Bloedstolling in bloedvaten leidt tot trombose, waarbij een bloedprop ontstaat. Dit kan de bloedstroom belemmeren en gevaarlijk zijn in het hart of de hersenen.
De bloedsomloop
De bloedsomloop is de weg die het bloed door het lichaam aflegt. Het hart pompt het bloed in slagaders. Er is een hoge bloeddruk. De wand van een slagader bestaat uit een laag dekweefsel, een dikke laag spierweefsel en bindweefsel. Het pulserende gevoel is aanwezig. De longslagader en de aorta hebben halvemaanvormige kleppen. Haarvaten hebben een groot totaaloppervlakte, een lage stroomsnelheid en een erg dunne wand, zodat sommige stoffen erdoorheen kunnen. Bloed stroomt terug naar het hart door aders, waar een lage bloeddruk is. De wand bestaat uit dekweefsel, een dunne laag spierweefsel en bindweefsel. De aders liggen meestal ondiep in het lichaam. Kleppen en spieren zorgen ervoor dat het bloed niet de verkeerde kant op stroomt. Door de slagaders stroomt zuurstofrijk bloed, en door de aders zuurstofarm bloed.

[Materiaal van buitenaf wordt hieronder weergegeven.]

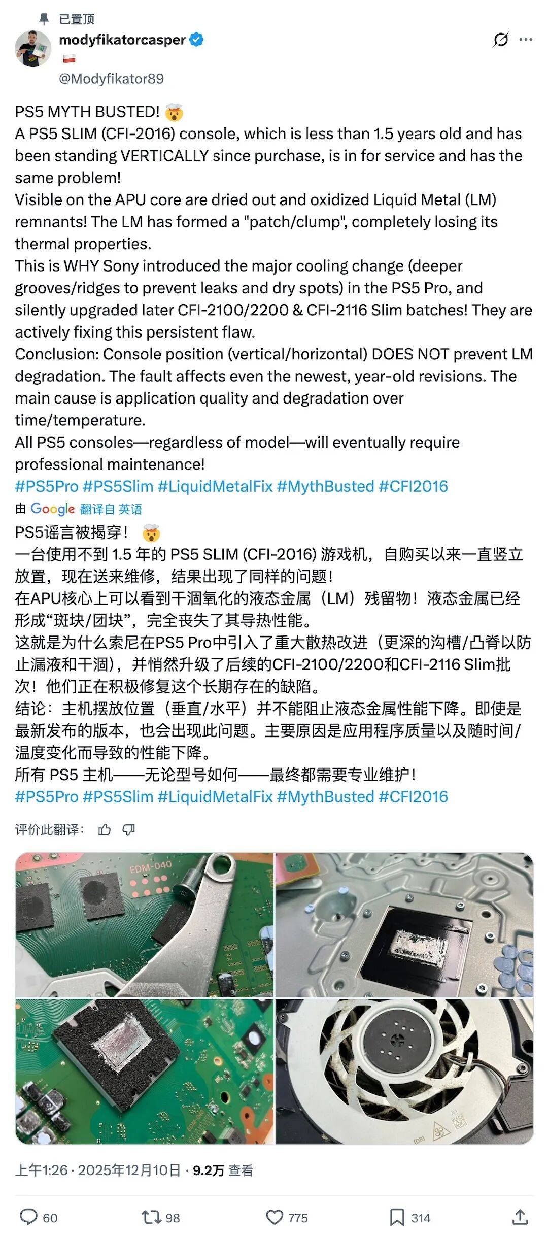 近日,维修技师 modyfikatorcasper 正在 X 披露,一台利用不脚一年半、型号为 CFI-2016 的 PS5 Slim 因 APU 焦点上的液态金属导热材料呈现「干斑」取氧化而进厂维修。他指出,该从机自采办以来一曲竖曲放置,显示液态金属跟着时间取温度轮回发朝气能阑珊,且取摆放姿势无关。技师称,这类毛病并非仅由竖放惹起,更多源于液态金属涂敷质量取持久高温轮回下的天然老化,可能导致散热机能显著下降,进而激发系统过热、俄然关机等问题。他进一步暗示,所有 PS5 机型最终都将需要拆开。这一概念取本年早些时候玩家取维修圈反馈的增加案例分歧。为应对争议,索尼已正在 PS5 Pro 取后续 CFI-2100/2200 及 CFI-2116 Slim 批次中引入更深的导流沟槽取脊形布局,以削减液态金属泄露取干斑风险,并优化热界面材料结构,提拔耐用性取靠得住性。
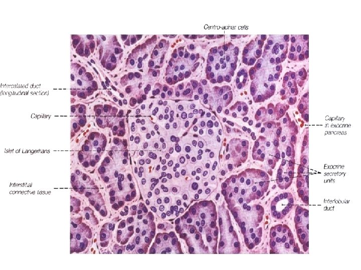Pancreas (Slinivka břišní) Vazivo (capsula fibrosa, septa) Parenchym: exokrinní žlázová tkáň: - serózní aciny + vývody vsunuté, intra- a interlobulární, hlavní (ductus pancreaticus major et accessorius) endokrinní žlázová tkáň : Langerhansovy ostrůvky - buňky A – glukagon, B – inzulin, D – somatostatin, PP – pankreatický polypeptid
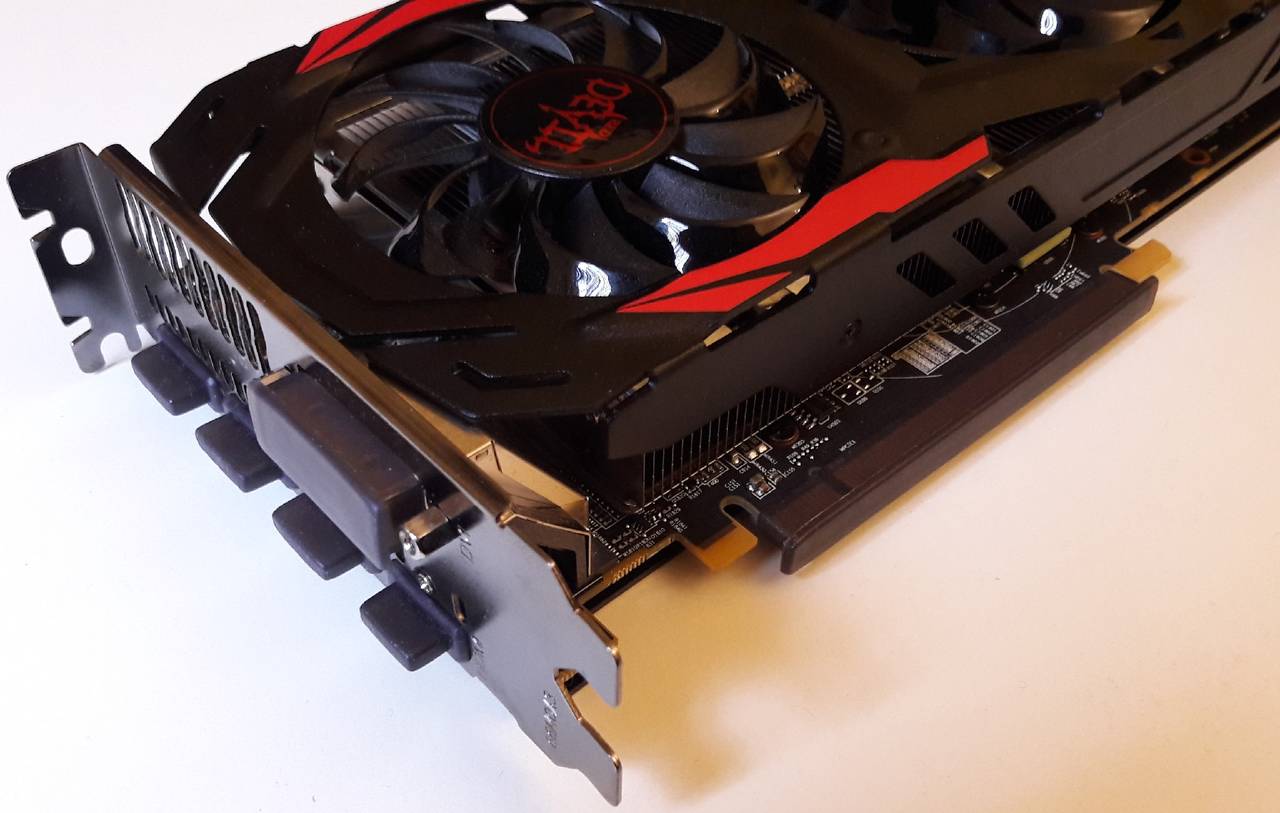 Die PowerColor RX 470 Red Devi ist eine mittelgroße Grafikkarte mit zwei geregelten Lüftern zur ruhigen und effektiven Kühlung:

De kleine bloedsomloop stroomt van het hart naar de longen, en de grote bloedsomloop gaat door het hele lichaam heen. Per omloop stroomt het bloed dus twee keer door het hart. Het bloed neemt zuurstof op en geeft koolstofdioxide af in de kleine omloop. In de grote omloop geeft het bloed zuurstof en voedingsstoffen af, en neemt het koolstofdioxide en ander afvalstoffen op.
Het hart
Het hart is een spier. Over het hart lopen kransslagaders en kransaders, want ook het hart heeft zuurstof nodig. Het hart bestaat uit twee boezems en twee kamers. De harttussenwand vormt de scheiding tussen de linkerhelft en de rechterhelft van het hart.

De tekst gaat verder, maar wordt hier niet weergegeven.